2. Nullable-rule elimination. tree-sitter rejects a non-start rule that matches the empty string,
and an indentation grammar has several (a YAML node/entry may be null: `key:` with no value,
`{a: }`, an empty document) — `node`/`flow_node`/`flow_map_entry`/`flow_seq_entry`/`after_doc_end`.
A general ε-elimination (`makeNonEmpty` + `wrapNullableRefs`) makes each such rule's body
non-empty and wraps every reference to it in `optional(...)`; the accepted language is unchanged
and only the tree-sitter target is touched. Gated on a grammar actually having nullable non-start
rules, so the others are untouched.
The resulting LR conflicts (YAML is massively ambiguous — exactly what tree-sitter's GLR is for)

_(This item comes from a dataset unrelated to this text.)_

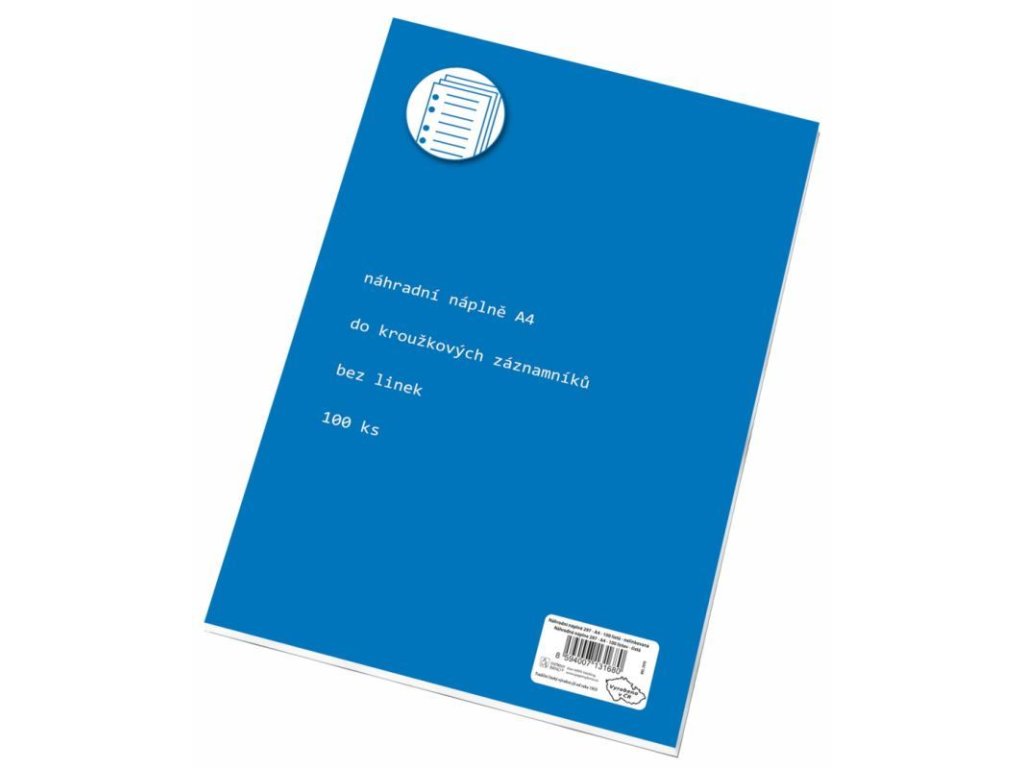 Náhradní náplň do velkých zápisníků s 4 kroužkovou mechanikou.Čistý papír. Rozměry 210 × 297 mm (formát A4) 100 listů Vyroben z hladkého bezdřevého papíru. Krycí list z lesklého křídového papíru. Typizované děrovaní pro zakládání do kroužkových mechanik (karis bloků), pořadačů či rychlovazačů.Doplňkové parametry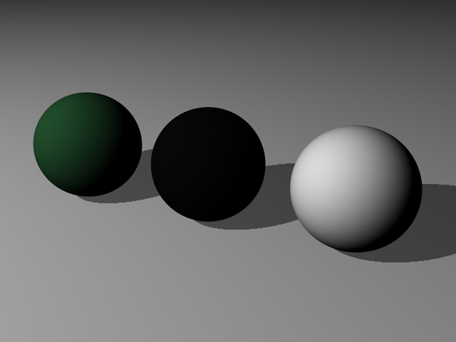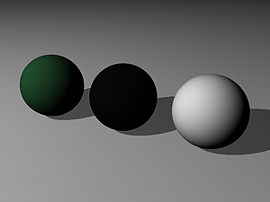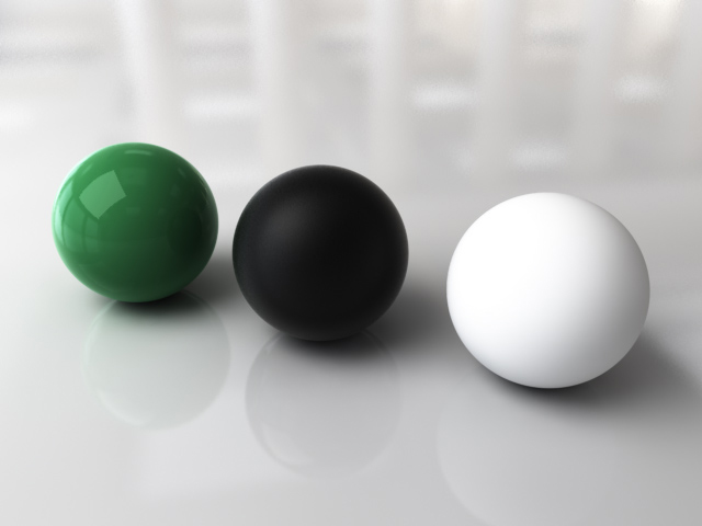 球体は、ワンクリックで呼び出せる形状の1つである、それをいくつか平面の上に配置しただけの簡単なシーンを用意した。そこへオブジェクトの色だけ設定、各種設定はデフォルトの状態、基本のライトを1つだけ設定し、レンダリングボタンを押した結果。この程度であれば、特に習熟していなくても1~2分ですべて設定が行え、レンダリングは1秒以下で完了する。しかし、現実感の乏しい、いわゆるCG臭い出力となる。3D CGソフトの多くは、計算時間を最小にするため、基本的な設定のままでは、このようなレンダリング出力結果となる。

are declared: 37 tuples added to `LR_CONFLICT_CLOSURE` (the fixpoint of tree-sitter's own
analysis, via test/collect-conflicts.ts). The closure filter also accepts TOKEN names now, not
only rule names, so a token-vs-token conflict like YAML's `key`/`plain` (both can precede a `:`)
is declarable. Every tuple is YAML-specific (zero rule/token-name overlap with the other
grammars), so each is inert elsewhere.
`cd tree-sitter/yaml && npx tree-sitter generate && npx tree-sitter build --wasm .` now succeeds.
The C external scanner is still a stub (returns false), so indentation isn't parsed yet — that is
piece 3 (a real indent scanner) and is tracked separately.
Refs #3
`buildIndentScannerC` (src/gen-treesitter.ts) generates a real C external scanner for the YAML
indent tokens, replacing the stub. It mirrors src/gen-lexer.ts's indent-stack state machine:
- An indent stack in the Scanner struct, (de)serialized for incremental re-parsing.
- At each line boundary it measures the next content line's column and emits INDENT (deeper → push),
DEDENT (shallower → pop, one per call until the stack top is reached), or NEWLINE (same column →
sibling separator); blank and comment-only lines are skipped; open blocks are closed at EOF.
- A block-scalar body (`|`/`>`) is scanned verbatim up to the first line at or below the parent
indentation.
- Flow needs no special case: inside `[`/`{` the grammar never references the indent tokens, so
valid_symbols is false and the line break falls through to `extras`.
- All language data (comment introducer, block-scalar introducers) is DERIVED from `grammar.indent`.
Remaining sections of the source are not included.